> **Problem requirements**
Make an exact copy of the entries, and keep any pictures out of it.

**** Available records ****

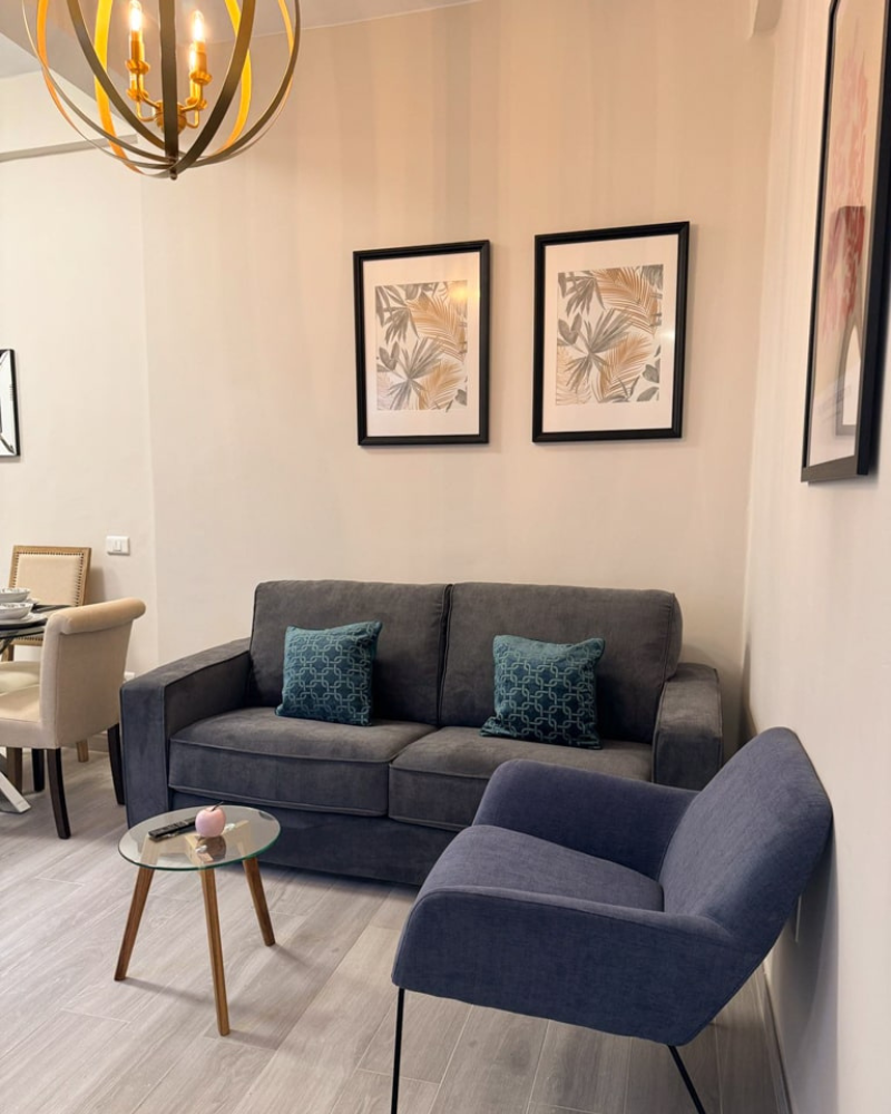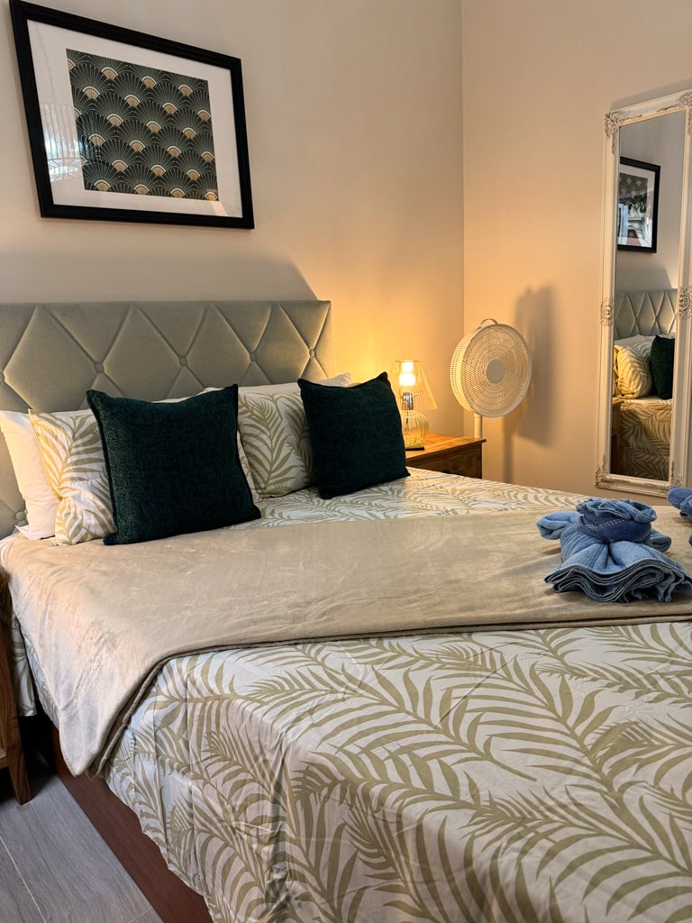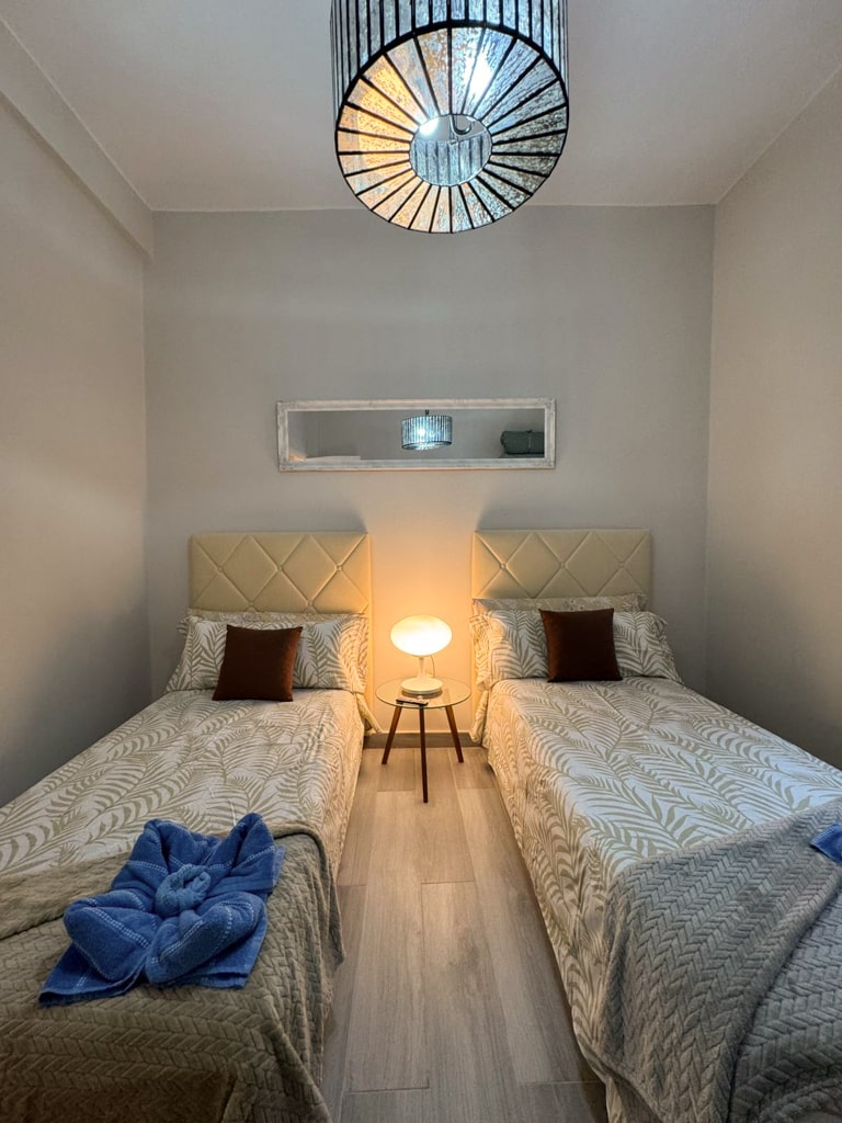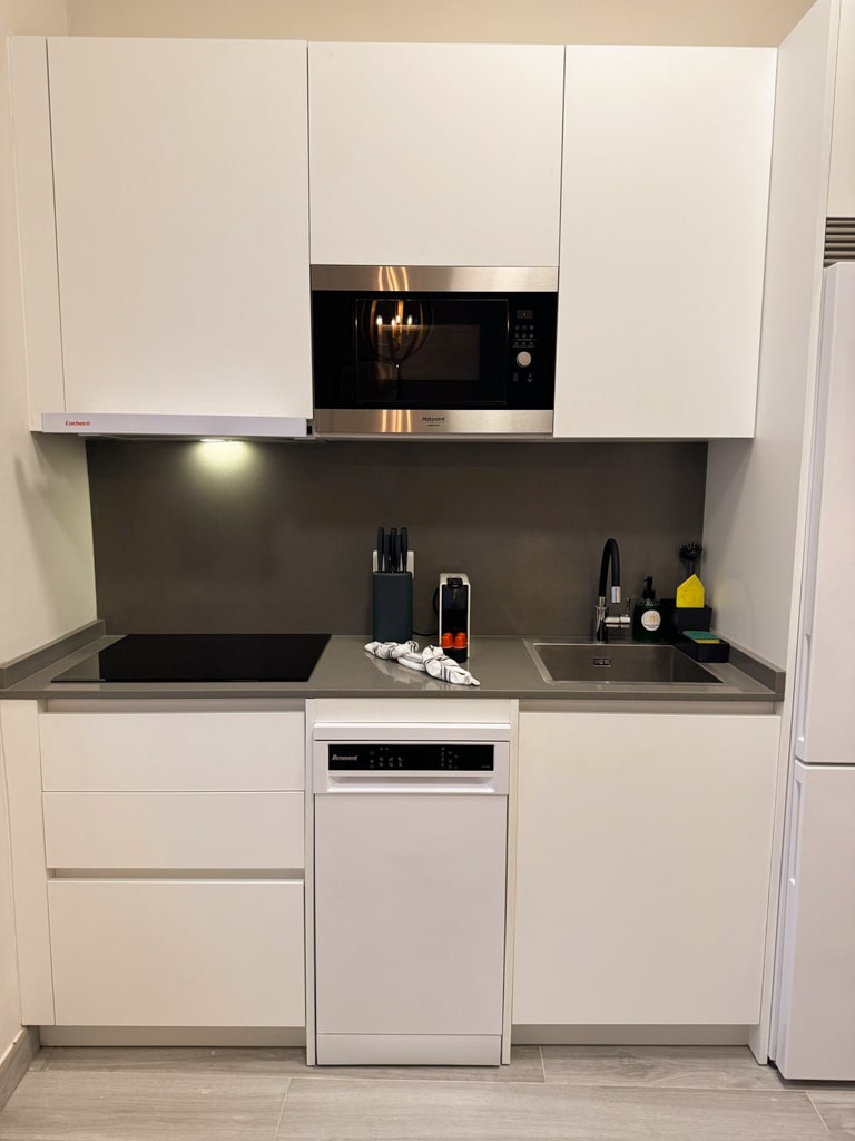 Este apartamento consta de 2 dormitorios, una sala de estar, una cocina totalmente equipada con nevera y cafetera, y 1 baño con ducha y artículos de aseo gratuitos. Hay toallas y ropa de cama en el apartamento.
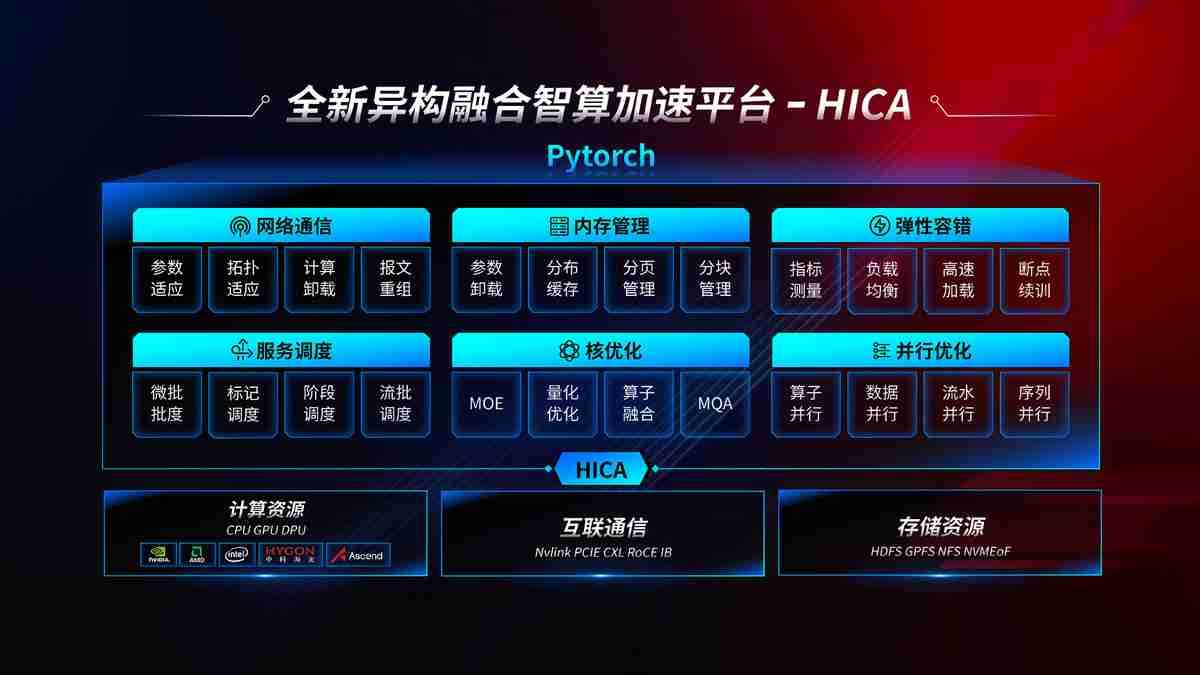 通过自研的服务层、、中间适配层、、、以及调度编排算法,,,,采用数据并行、、模型并行等多种并行方式,,把并行计算任务进行有效的分解,,,,使其分别由相应的软件栈和算力资源来承接。。。。当GPU资源变化,,HICA可以实时动态调度计算子任务并调整模型拓扑和架构,,以充分聚合各种算力资源。。
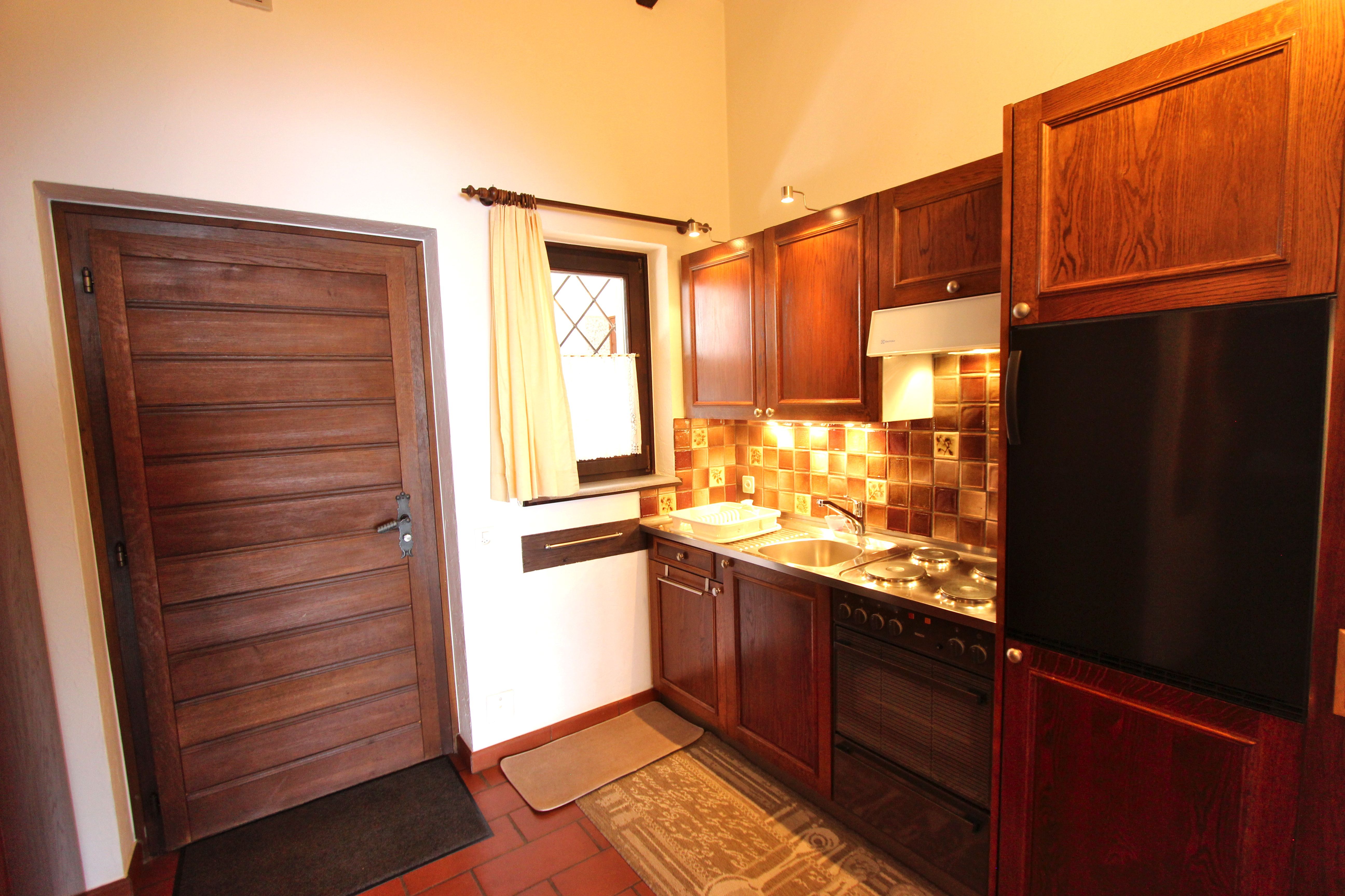 Voll ausgestattete Küche mit Backofen, Wasserkocher, Standmixer und Nespresso-Kafeemaschine.
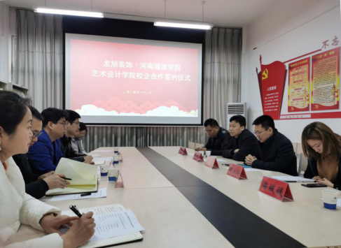 马步伟代表公司致欢迎词,对龙旭装饰公司来公司进行洽谈校企合作表示欢迎,为两方从洽谈到达成共识签订合作感到由衷高兴。之后,汤喜辉副经理介绍了到场嘉宾及公司的发展概况和环境设计专业的发展历程。胡鹏总经理向大家介绍了关于我们。
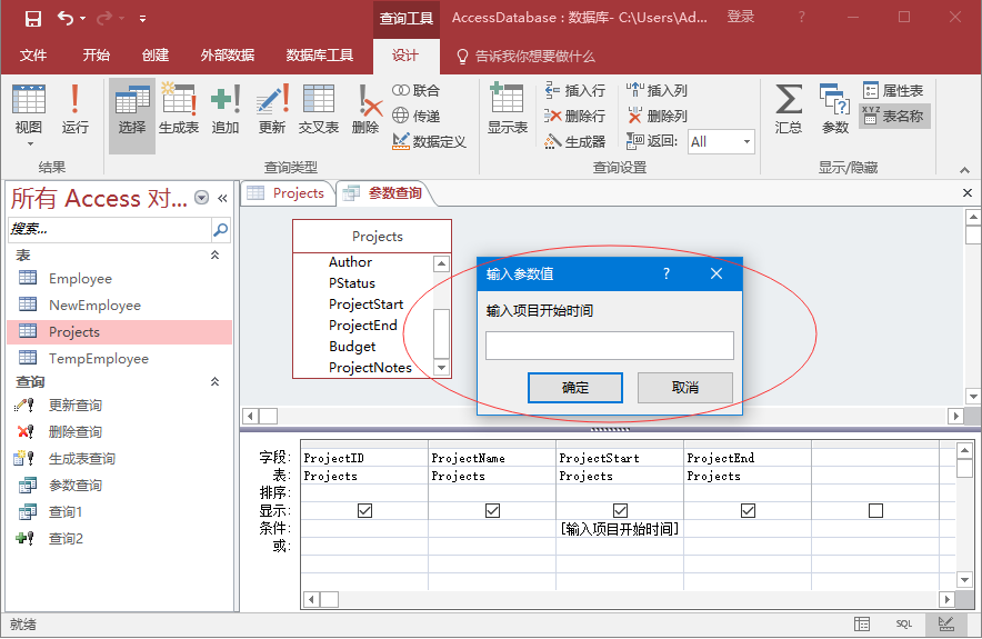 在查詢設(shè)計(jì)網(wǎng)格中,在ProjectStart列的條件 行中,鍵入[輸入項(xiàng)目開始時(shí)間], 字符串[輸入項(xiàng)目開始時(shí)間] 是輸入?yún)?shù)的提示。方括號(hào)表示要查詢輸入,而文本是輸入項(xiàng)目開始時(shí)間是參數(shù)提示信息。

****

> **Reply**
 Este apartamento consta de 2 dormitorios, una sala de estar, una cocina totalmente equipada con nevera y cafetera, y 1 baño con ducha y artículos de aseo gratuitos. Hay toallas y ropa de cama en el apartamento.
 通过自研的服务层、、中间适配层、、、以及调度编排算法,,,,采用数据并行、、模型并行等多种并行方式,,把并行计算任务进行有效的分解,,,,使其分别由相应的软件栈和算力资源来承接。。。。当GPU资源变化,,HICA可以实时动态调度计算子任务并调整模型拓扑和架构,,以充分聚合各种算力资源。。
 Voll ausgestattete Küche mit Backofen, Wasserkocher, Standmixer und Nespresso-Kafeemaschine.
 马步伟代表公司致欢迎词,对龙旭装饰公司来公司进行洽谈校企合作表示欢迎,为两方从洽谈到达成共识签订合作感到由衷高兴。之后,汤喜辉副经理介绍了到场嘉宾及公司的发展概况和环境设计专业的发展历程。胡鹏总经理向大家介绍了关于我们。
 在查詢設(shè)計(jì)網(wǎng)格中,在ProjectStart列的條件 行中,鍵入[輸入項(xiàng)目開始時(shí)間], 字符串[輸入項(xiàng)目開始時(shí)間] 是輸入?yún)?shù)的提示。方括號(hào)表示要查詢輸入,而文本是輸入項(xiàng)目開始時(shí)間是參數(shù)提示信息。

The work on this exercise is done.